Somewhat related https://github.com/jsonpickle/jsonpickle Although it's more like a regular pickle, not sure
In [6]:
class ObjWithDate(object):
def __init__(self):
ts = datetime.datetime.now()
self.data = dict(a='a', ts=ts)
self.data_ref = dict(b='b', ts=ts)
In [7]: jsonpickle.encode(ObjWithDate())
Out[7]: '{"py/object": "__main__.ObjWithDate", "data": {"a": "a", "ts": {"py/object": "datetime.datetime", "__reduce__": [{"py/type": "datetime.datetime"}, ["B+UEEAc6MQuycA=="]]}}, "data_ref": {"b": "b", "ts": {"py/id": 2}}}'
Wanted to simplify cachew a bit by potentially switching to third party serialization -- tried marshmallow/pydantic/dataclasses_json/cattrs (might post some notes later).
Basically for one reason or another they are not working properly for this case (usually some issues with Union support, or having to inherit your classes from some sort of base model).

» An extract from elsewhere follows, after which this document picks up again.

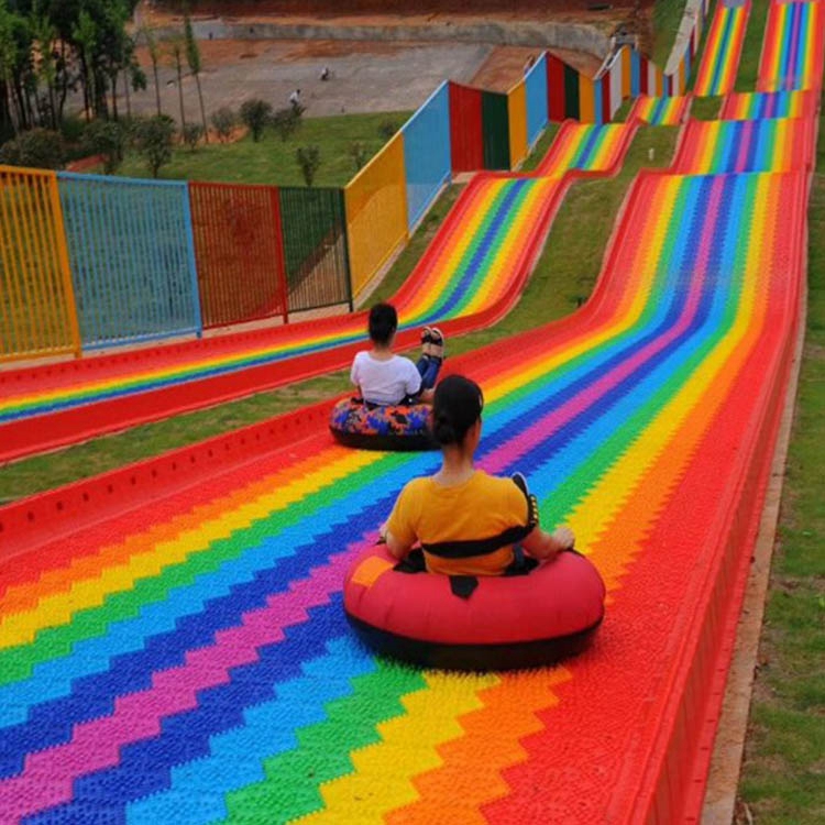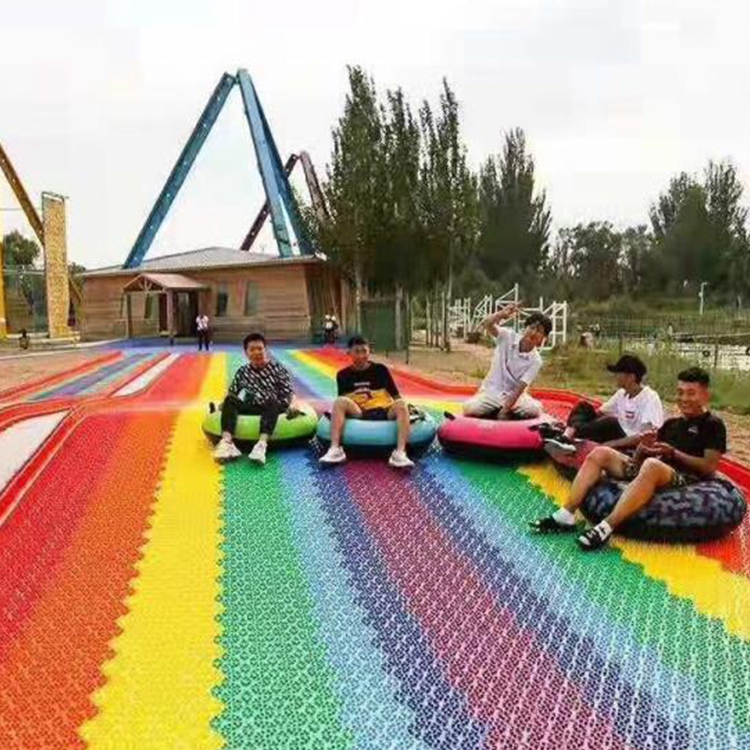 彩虹滑道可以同时两个人、三个人、五个人玩耍,不管是大人小孩都可以在滑行的过程中上行下行逆行旋转等各种体验可以有效地调动游戏者的情绪,胆小的尖叫,胆大的看着兴奋,游玩过后一起分享交流经验,多了不少谈资

So decided to optimize the one we have instead, and as an experiment tried just serializing as json in a single column (instead of flattening it over multiple like we do currently)
And it actually seems quite a bit faster (and the code is much easier to read!), not sure why I settled on the flattening back then, perhaps wasn't benchmarking properly.

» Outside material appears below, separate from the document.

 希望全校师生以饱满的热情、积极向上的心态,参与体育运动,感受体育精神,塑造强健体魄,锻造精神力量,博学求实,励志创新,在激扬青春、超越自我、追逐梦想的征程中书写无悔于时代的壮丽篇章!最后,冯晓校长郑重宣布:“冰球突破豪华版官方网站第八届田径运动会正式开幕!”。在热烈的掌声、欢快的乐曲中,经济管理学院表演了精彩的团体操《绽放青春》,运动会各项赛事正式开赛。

test_nosql.py::test_many_from_cachew
building 1000000 objects of type <class 'test_nosql.test_many_from_cachew.<locals>.TE2'>: 0.53s
serializing 1000000 objects of type <class 'test_nosql.test_many_from_cachew.<locals>.TE2'>: 1.00s
json dump 1000000 objects of type <class 'test_nosql.test_many_from_cachew.<locals>.TE2'>: 0.51s
sqlite dump 1000000 objects of type <class 'test_nosql.test_many_from_cachew.<locals>.TE2'>: 1.16s
sqlite load 1000000 objects of type <class 'test_nosql.test_many_from_cachew.<locals>.TE2'>: 0.31s
jsonl dump 1000000 objects of type <class 'test_nosql.test_many_from_cachew.<locals>.TE2'>: 0.15s
jsonl load 1000000 objects of type <class 'test_nosql.test_many_from_cachew.<locals>.TE2'>: 0.21s
json load 1000000 objects of type <class 'test_nosql.test_many_from_cachew.<locals>.TE2'>: 0.52s
deserializing 1000000 objects of type <class 'test_nosql.test_many_from_cachew.<locals>.TE2'>: 1.29s
for comparison, current cachew stats for this test
- reading from db 1.21s -- corresponds to "sqlite load", note that sqlalchemy in cachew introduces some slowdown too which we should address
- deserializing 3.29 -- this roughtly a sum of "json load + deserializing" -- so about a 50% speedup
We won't necessarily lose on individual column mappings either, it's possible to define virtual columns for accessing inside JSON like described here https://antonz.org/json-virtual-columns/
Using a text file with json (jsonl) instead of sqlite also gives quite a big speedup (especially for writing) -- so I might think about switching to it later as well (or adding as an extra 'backend')
Added benefit would be that cache could be easily compressed as well, so might be easier to share between computers.
For now it's just an isolated experiment here https://github.com/karlicoss/cachew/tree/nosql, but I'll transpant to cachew soon
Wrote up a comparison here, might be interesting for other projects as well https://github.com/karlicoss/cachew/blob/master/doc/serialization.org
Actually cattrs seems very close to my new implementation, tiny bit faster for serializing, and tiny bit slower for deserializing -- so I'll need to do a bit more testing.
should be fixed in the latest pypi version!